Tensorflow, *sigh*
I started a new job running product for an AI startup, and it’s been pretty intense, not leaving much time to do my big TensorFlow conversion. But over the last week, I got back to it, and yesterday I got the forward and backward prop working for the first time. With a few exceptions, I built everything at pretty much the lowest level I possibly could. For instance, rather than use things like tf.layers.dense(), I used matmul operations on raw parameters and inputs. I did feed these outputs to tf.nn.relu() and tf.nn.softmax(). But I ended up writing a custom mean square error cost function. This is largely because the built in tf.losses.mean_squared_error() was not behaving as I would have hoped, and not finding detailed answers to how to get it to work correctly, my short-term fix was just to translate my hand-coded NumPy cost function into tensor flow. After a little debugging, it worked just fine.
First Downside
The first thing I noticed once I got things running correctly was that the model was playing games significantly more slowly than my hand-coded python network. At first I had attributed this to the fact that my test machine uses tensorflow-gpu (on a very powerful GPU). I had come to understand from various sources that copying from CPU to GPU and back was an expensive operation time-wise. I had assumed that this might be slowing things down. So I switched my Anaconda environment to one that used garden variety TensorFlow and tested that. It was just as slow.

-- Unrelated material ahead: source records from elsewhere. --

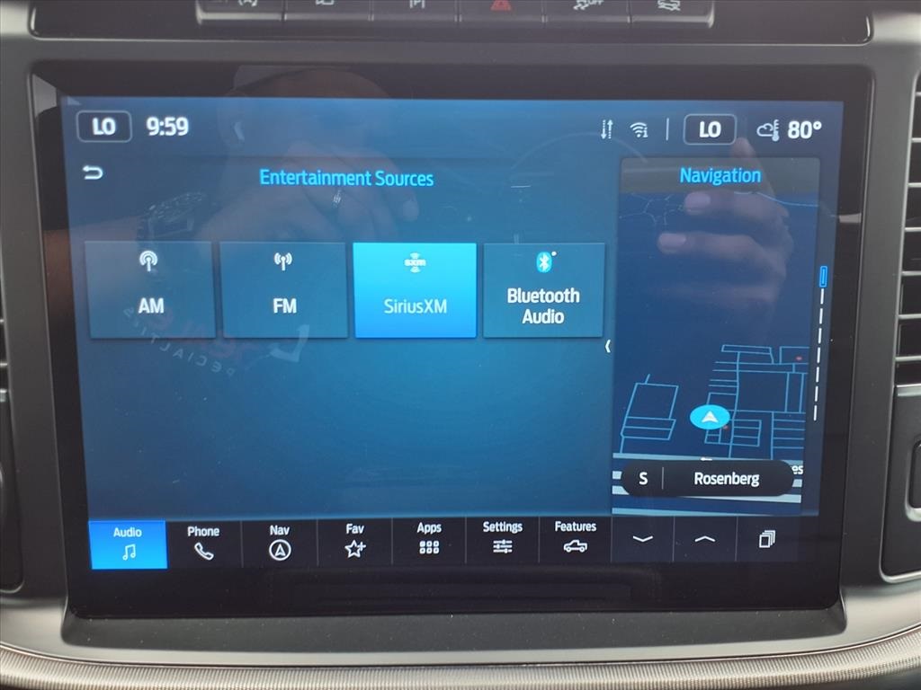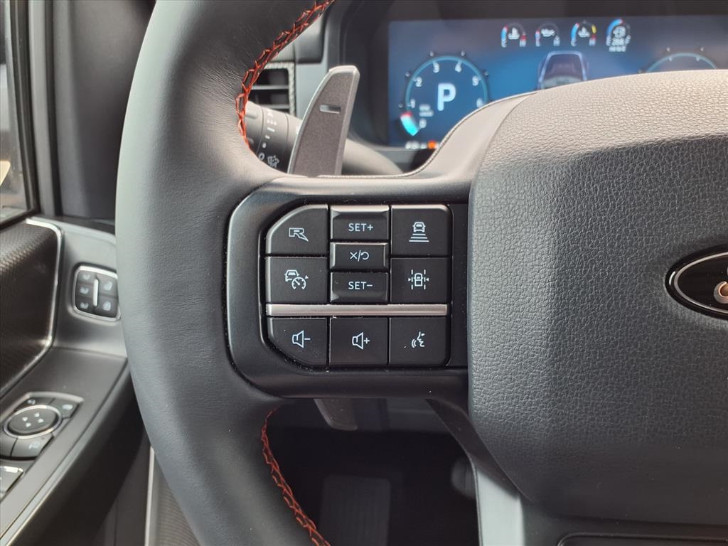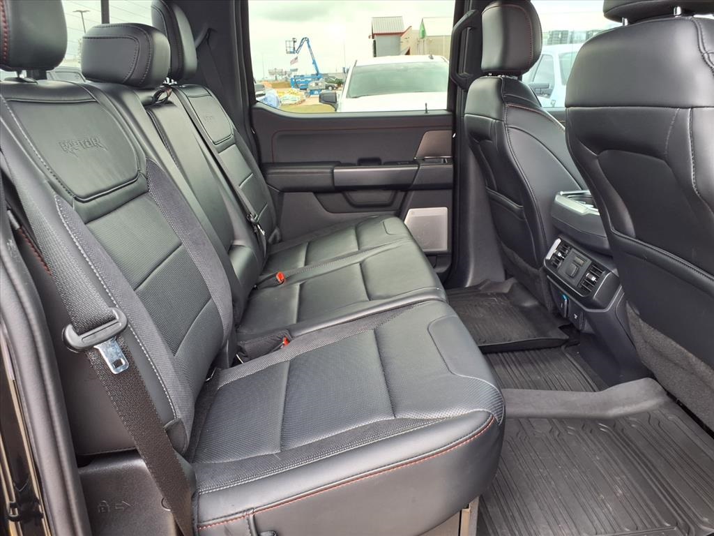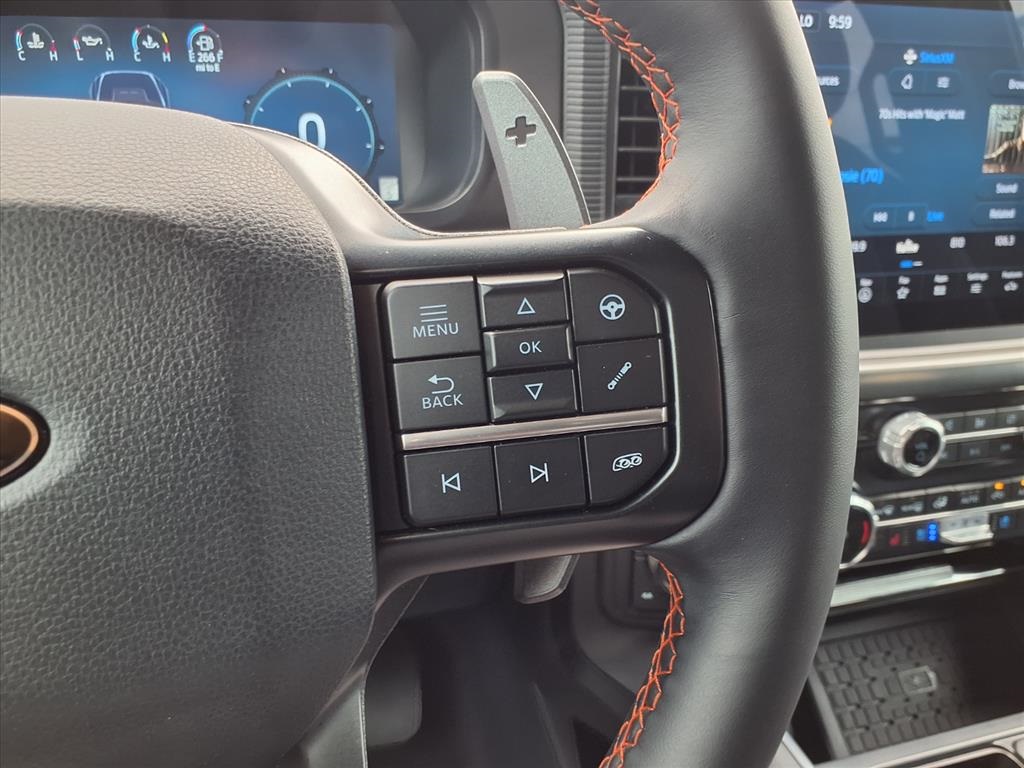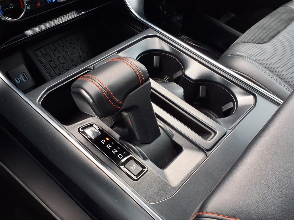 erature control, Brake assist, Bumpers: body-color, Compass, Delay-off headlights, Driver door bin, Driver vanity mirror, Dual front impact airbags, Dual front side impact airbags, Electronic Locking w/4.10 Axle Ratio, Electronic Stability Control, Emergency communication system: SYNC 4 911 Assist, Front anti-roll bar, Front Bucket Seats, Front Center Armrest, Front dual zone A/C, Front fog lights, Front License Plate Bracket, Front reading lights, Front wheel independent suspension, Fully automatic headlights, Garage door transmitter, Heads-Up Display, Heated door mirrors, Heated front seats, Heated rear seats, Heated steering wheel, Illuminated entry, Lane Departure Warning System, Leather Trim Seats, Low tire pressure warning, Memory seat, Navigation system: Connected Navigation, Occupant sensing airbag, Outside temperature display, Overhead airbag, Overhead console, Panic alarm, Passenger door bin, Passenger vanity mirror, Pedal memory, Power door mirrors, Power driver seat, Power passenger seat, Power steering, Power windows, Radio data system, Radio: B&O Unleashed Sound System by Bang & Olufsen, Rain sensing wipers, Rear reading lights, Rear step bumper, Rear window defroster, Remote keyless entry, Security system, Speed control, Speed-sensing steering, Split folding rear seat, Steering wheel memory, Steering wheel mounted audio controls, SYNC 4 w/Enhanced Voice Recognition, Tachometer, Telescoping steering wheel, Tilt steering wheel, Tough Bed Spray-In Bedliner, Traction control, Trip computer, Turn signal indicator mirrors, Twin Panel Moonroof, Variably intermittent wipers, and Ventilated front seats.
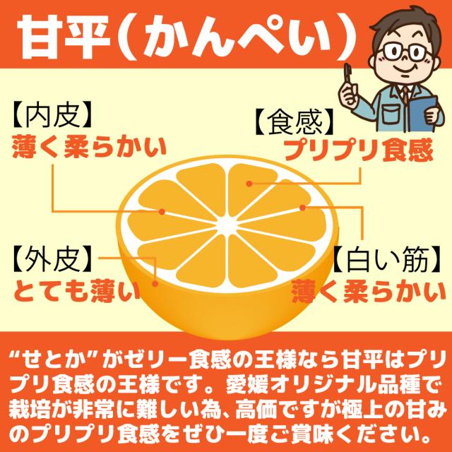 (甘平について) せとかやデコポンに似た濃厚な味わいと、プリプリとした食感が堪らない、贈答用であれば1玉数百円〜数千円なる高級柑橘です。今回は傷アリ、大きさ不揃いにつき特価を実現しております。
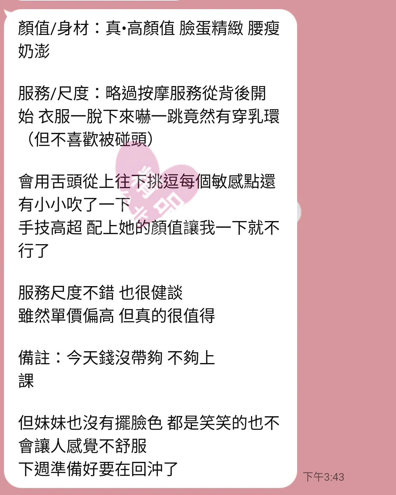 美容師都很有禮貌,先幫你背部按摩聊聊天,前戲會開始調情輕功,再來就是重點部位的加強。如果預算,也可以跟美容師聊聊加值服務,放心問都有機會。精品舒壓期待每位客人每次來舒壓都有個Happy Ending!

What I’m assuming at this point is that the combination of TensorFlow’s overhead and the way I’ve architected the playing and training algorithms is the problem. Specifically, the way it works is that to make a move in a game, the model makes a single forward prop prediction. Then it waits for the other player to move. Then it makes another prediction. My assumption is that the overhead necessary to run forward prop on the TensorFlow network makes just running a single prediction at a time very inefficient.
I’ve come up with a possible solution. Right now I’m typically running a batch of 1,000 games before training. My thought is that I could run those games in parallel. I could construct a matrix of the 1,000 opening board positions and get forward prop predictions for the first move of 1,000 games all at once. Then for the next move, I could feed the board positions for each of the 1,000 games again, and get the predictions for the second move of the game all at once. Etc.

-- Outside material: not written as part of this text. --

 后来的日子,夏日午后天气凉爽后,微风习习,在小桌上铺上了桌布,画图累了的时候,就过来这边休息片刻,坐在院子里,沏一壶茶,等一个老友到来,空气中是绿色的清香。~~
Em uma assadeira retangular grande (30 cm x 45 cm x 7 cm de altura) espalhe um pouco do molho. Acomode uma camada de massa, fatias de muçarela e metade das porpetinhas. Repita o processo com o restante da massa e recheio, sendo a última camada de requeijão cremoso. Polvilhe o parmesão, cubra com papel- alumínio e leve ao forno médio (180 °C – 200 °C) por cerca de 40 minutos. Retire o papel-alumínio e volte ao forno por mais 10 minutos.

The problem with this is that when I designed the mechanics of how games are played and tracked, it really wasn’t designed with this in mind. To do so would mean some very tedious, error-prone and time-consuming refactoring of the architecture. At first, I was debating whether to do it at all, since as I’ve mentioned several times, this whole challenge of learning to make legal moves is not really what I set out to do in the first place. But the thing is, first, I feel that it will probably be a good exercise to rework things in this way. But more importantly, at the time that I do get to doing my full-on learning-to-play-checkers AI, it will almost certainly be vital to maximize the efficiency of the game-play (which is, after all, where the data is coming from). So I think I’m going to need to do that.
Second Downside
Not that this is a surprise, but the network I built in TensorFlow suffers the exact same catastrophic failure that my hand-coded python network does. This time, I have the graphs of the data that shows this happening through the full set of trainings:
Since I have the saved parameters from after the explosion, I’ve been able to verify that the model, for some reason, is generating a single 1.0 output with all the rest zeros. I truly don’t know if I’m going to spend the time to figure this out. It is, however, killing me that I don’t know why this is happening. I could really get down into the weeds and see the exact mechanics of it, but I don’t think I’m going to do that.

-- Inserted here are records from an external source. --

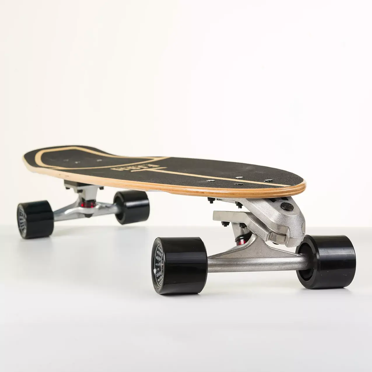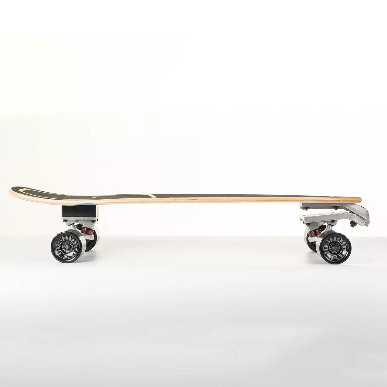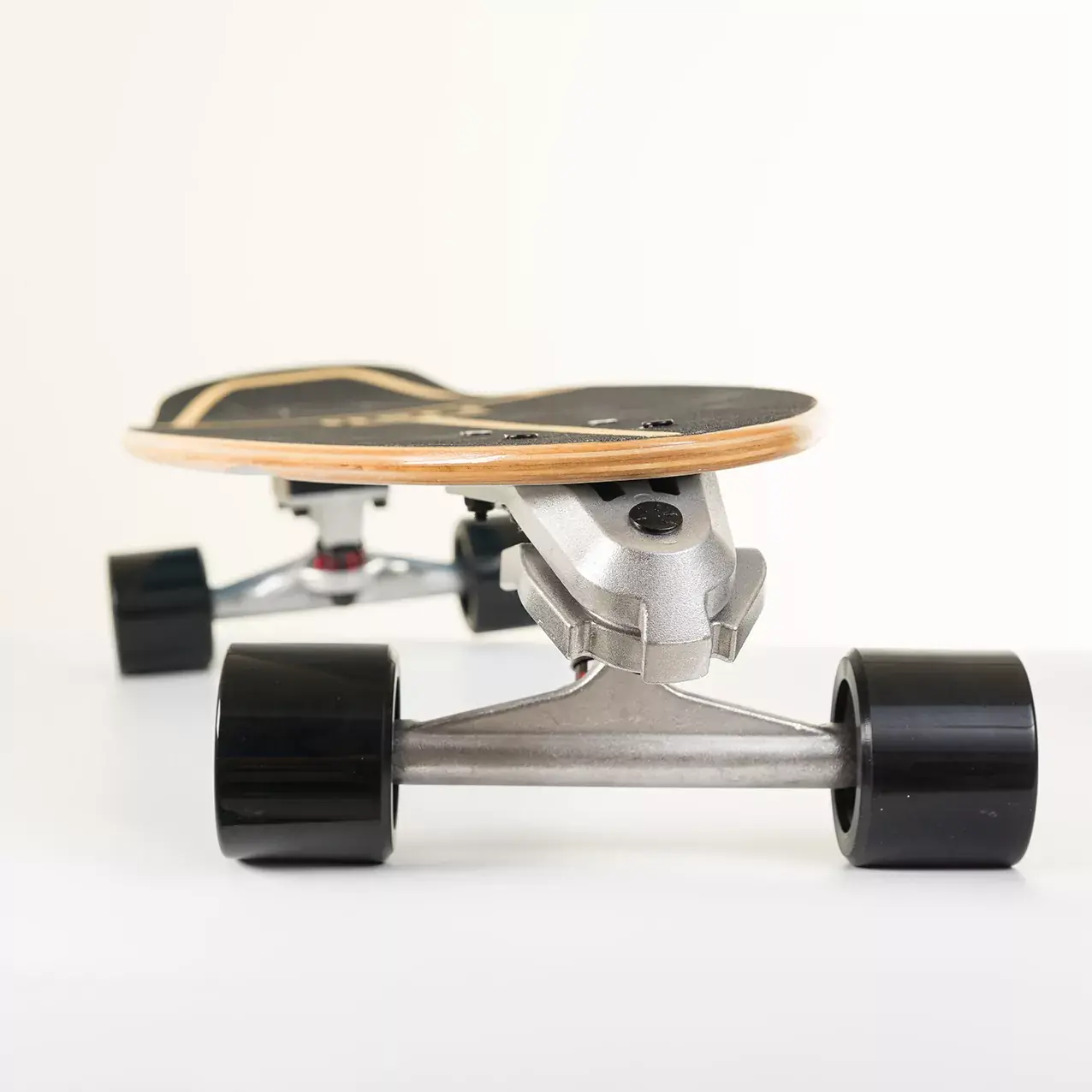 The front Truck can move right - left and while using this characteristics you can simulates the waves and practice surfing on land.
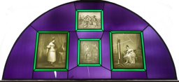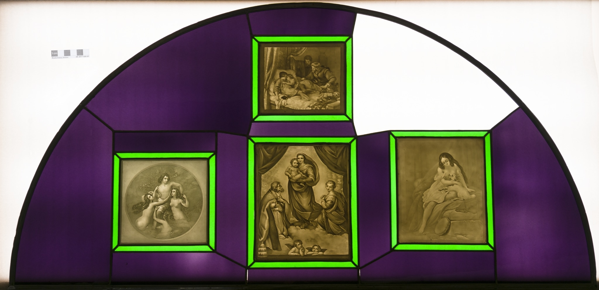 Quatre panneaux en lithophanie sont inscrits dans un vitrail au plomb en plein cintre, chacun d’entre eux étant encadré de verre vert sur un fond violet.
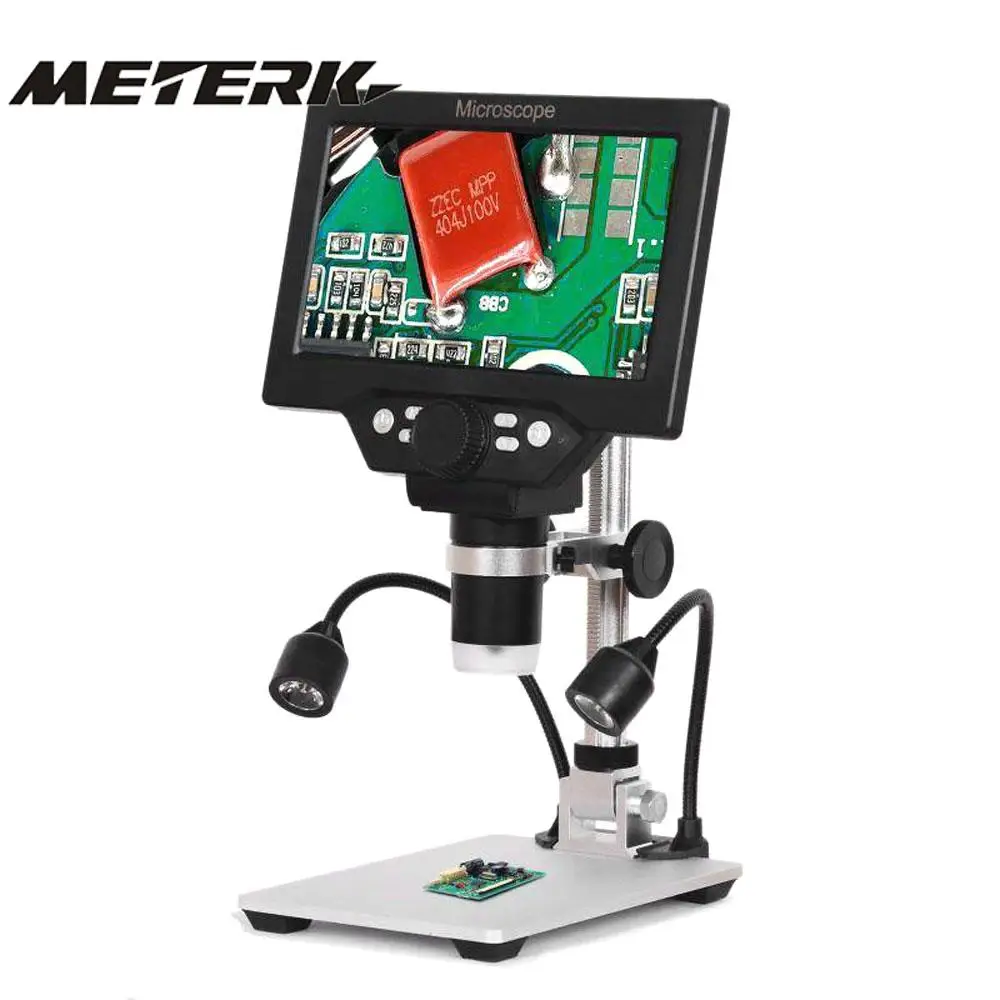 7-дюймовый ЖК-дисплей экран G1200 микроскоп, кронштейн может поворачиваться под любым углом наклона вперед и назад, чтобы удовлетворить ваши потребности, В то время как объектив поддерживает 1-1200X с непрерывным масштабированием. Он может определенно будет хороший помощник для вашей ежедневной работе.
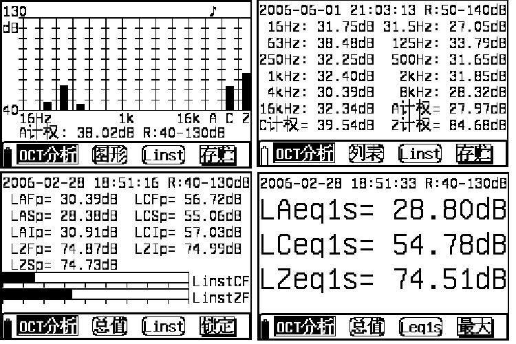 9)        主要測量界面:列表界面、圖形界面。列表界面和圖形界面可以同時顯示11個中心頻率的頻帶聲級壓以及A、C和Z計權聲壓級。
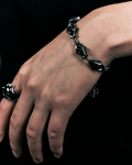 925 recycled sterling silver / Matte-black finish / Hand-set natural garnet

Instead, I think I’ll try two things. First—and most basic—is what I mentioned previously: regularization. That’s just a line or two of code, so it should be easy. I could have done that almost as easily in my hand-coded implementation, but I’m on to this now, so I’m going to do it here. The second thing I’ll try is batch normalization. While it wouldn’t have been absolute rocket science in the hand-coded version, it would have been time consuming to both implement both the straightforward forward prop algorithms as well as the less clear-cut back prop. Doing it in TensorFlow should be fairly easy. The only wrinkle is that I will probably have to convert my hand-coded TF matrix multiplications with discrete parameters into higher level TensorFlow layers.